[TASK PROMPT] Reproduce exactly the entries from the "Die 3 Kopeken" line to the end. Skip all pictures.

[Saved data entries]

========

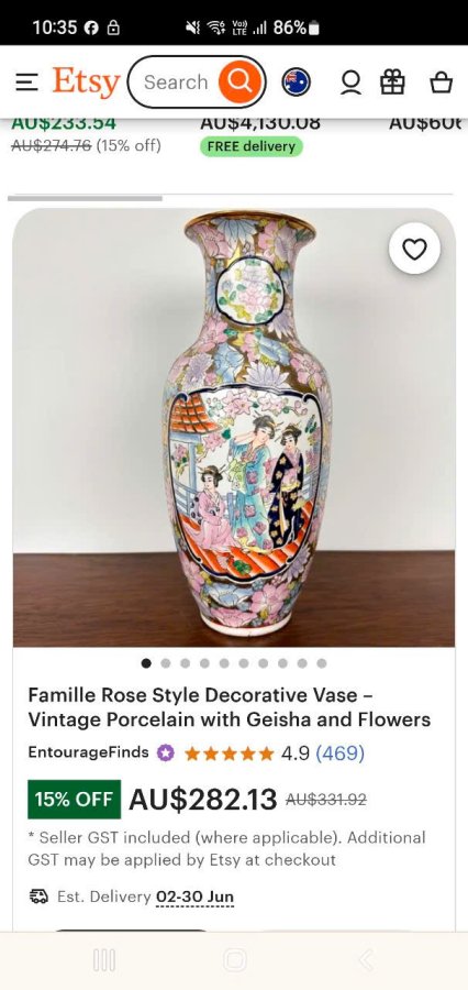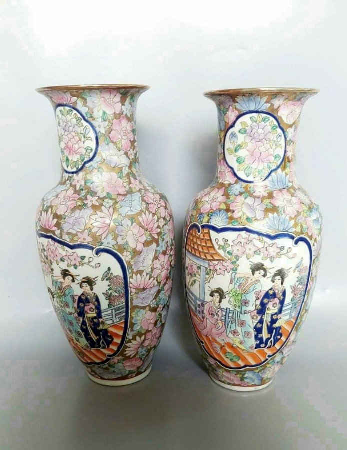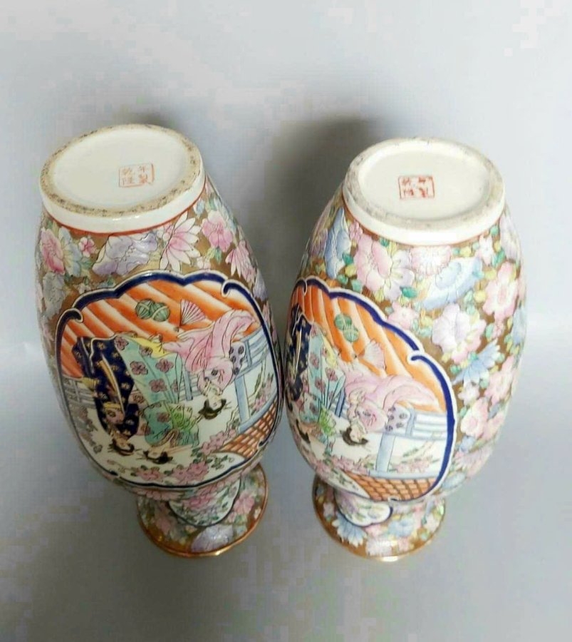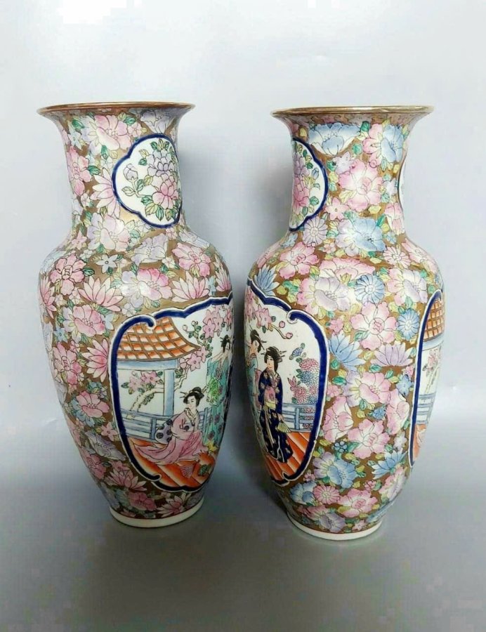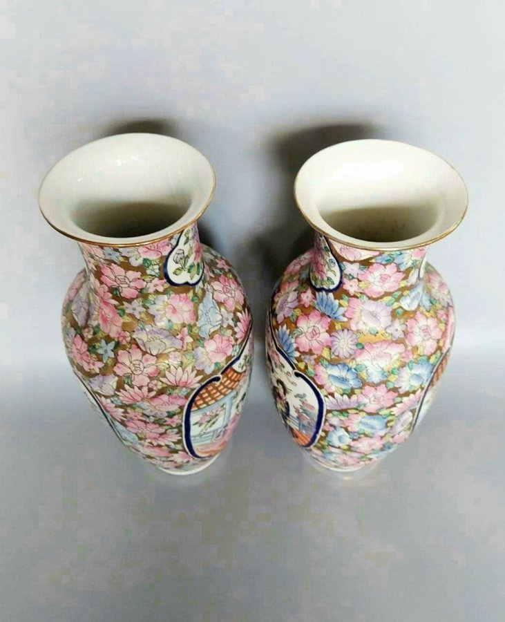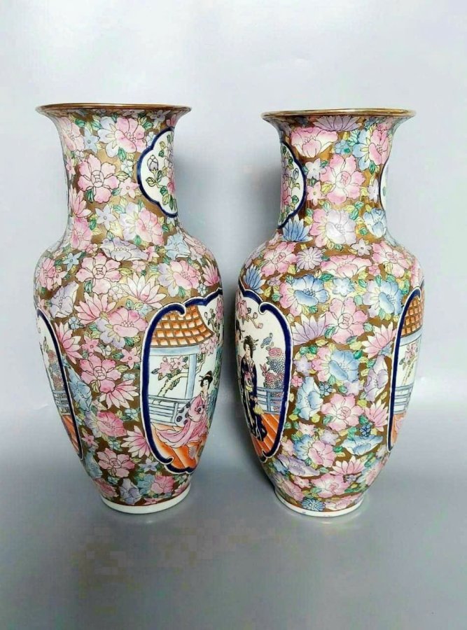 Cặp bình gấm màu vẻ tay xuất dương xưa.Cao 41cm*đkm 13,8cm*vb 61,5cm.Triện 乾隆年制Càn Long Niên Chế.
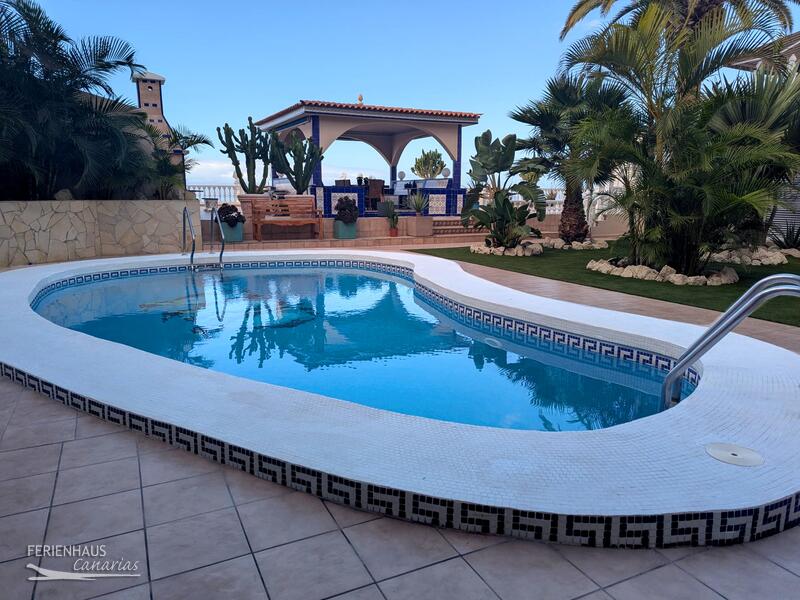 Mein Mann und ich waren schon des öfteren auf Teneriffa , jedoch zum ersten Mal in Puerto Santiago . Nach unserer Ankunft in einer ganz normalen Straße von P.S. , vor einem fast normalen Haus , waren wir zunächst erschrocken und enttäuscht . Doch dann öffnete sich die Türe und wir erblickten ein wunderschönes Anwesen mit herrlichen tropischen Pflanzen , einer riesigen Sonnenterrasse , einem Schwimmbad das den Namen wirklich verdient , maurisch anmutende Mosaiken und den herrlichen Blick auf das Meer.Es war wie ein Wunder ! Marlies , die Besitzerin empfing uns überaus freundlich . Ihre Gastfreundschaft sollten wir in den folgenden Wochen noch besonders intensiv kennen-und schätzen lernen . Der gute Geist des Hauses und der Anlage aber ist Gabi , die versuchte jederzeit alle Wünsche zu erfüllen . Wir sagen Marlies und Gabi unseren herzlichen Dank dafür . Eine Tatsache will ich nicht verschweigen : Direkt neben diesem Anwesen wird zur Zeit ein Haus gebaut , der Baulärm hat uns ab und zu genervt , war aber nicht jeden Tag gleich stark und auch , wenn man die Fenster schloss , zu ertragen .
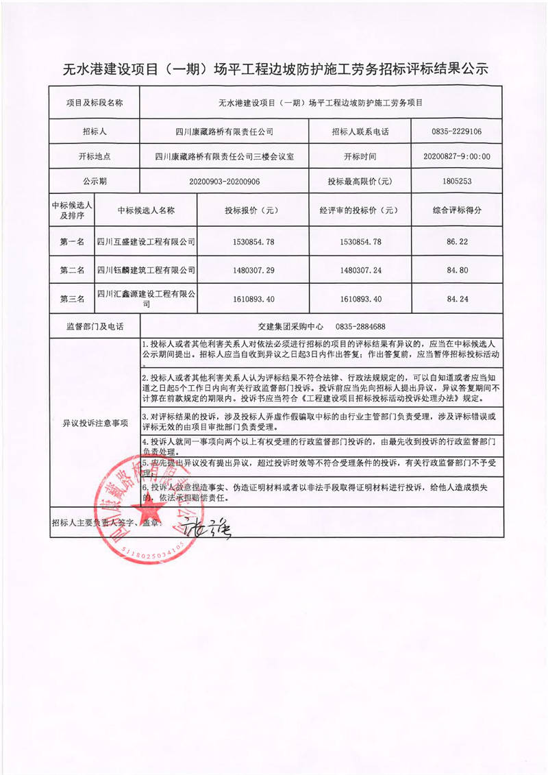 四川康藏路橋有限責(zé)任公司無水港建設(shè)項目(一期)場平工程邊坡防護(hù)施工勞務(wù)招標(biāo)評標(biāo)結(jié)果公示
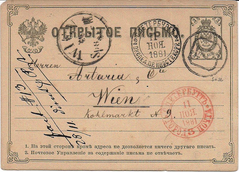 Die 3 Kopeken Ganzsachenkarte ( Inschrift: Offener Brief; Ascher Nr. 5) wurde am 11. November 1881 (Julianischer Kalender) in St. Petersburg nach Wien aufgegeben. Das Ankunftsdatum des Wiener K1-Stempels kann ich leider nicht entziffern, die rückseitige Bestellung von Stadtansichten wurden aber offenbar am 28.11. bearbeitet (hs. Vermerk auf der Kartenvorderseite links).
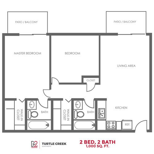 2 Beds, 2 Baths, 1000 sq ftLargest 2 BedroomThis is the largest 2 Bedroom at this PropertyModel Gallery
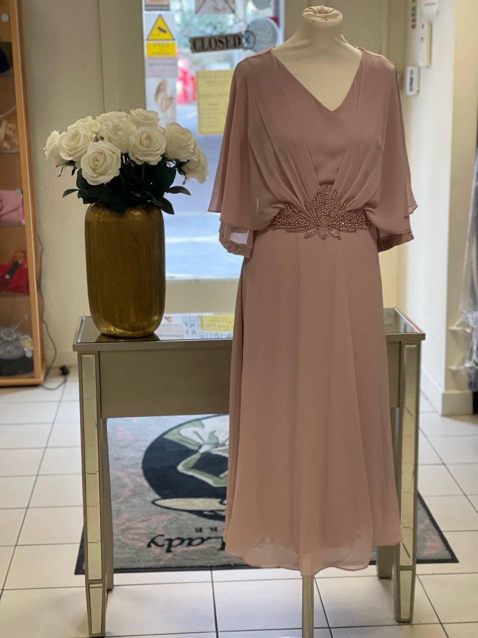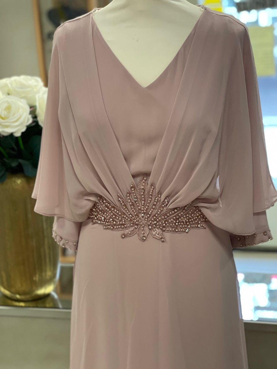 This is a classic mother of the bride or groom dress, the beading on the middle draws the eye in to the waist while the sleeves and the cape effect cover all the back and shoulder areas.  An A line skirt swings beautifully

========

[WRITTEN REPLY]
 Die 3 Kopeken Ganzsachenkarte ( Inschrift: Offener Brief; Ascher Nr. 5) wurde am 11. November 1881 (Julianischer Kalender) in St. Petersburg nach Wien aufgegeben. Das Ankunftsdatum des Wiener K1-Stempels kann ich leider nicht entziffern, die rückseitige Bestellung von Stadtansichten wurden aber offenbar am 28.11. bearbeitet (hs. Vermerk auf der Kartenvorderseite links).
 2 Beds, 2 Baths, 1000 sq ftLargest 2 BedroomThis is the largest 2 Bedroom at this PropertyModel Gallery
 This is a classic mother of the bride or groom dress, the beading on the middle draws the eye in to the waist while the sleeves and the cape effect cover all the back and shoulder areas.  An A line skirt swings beautifully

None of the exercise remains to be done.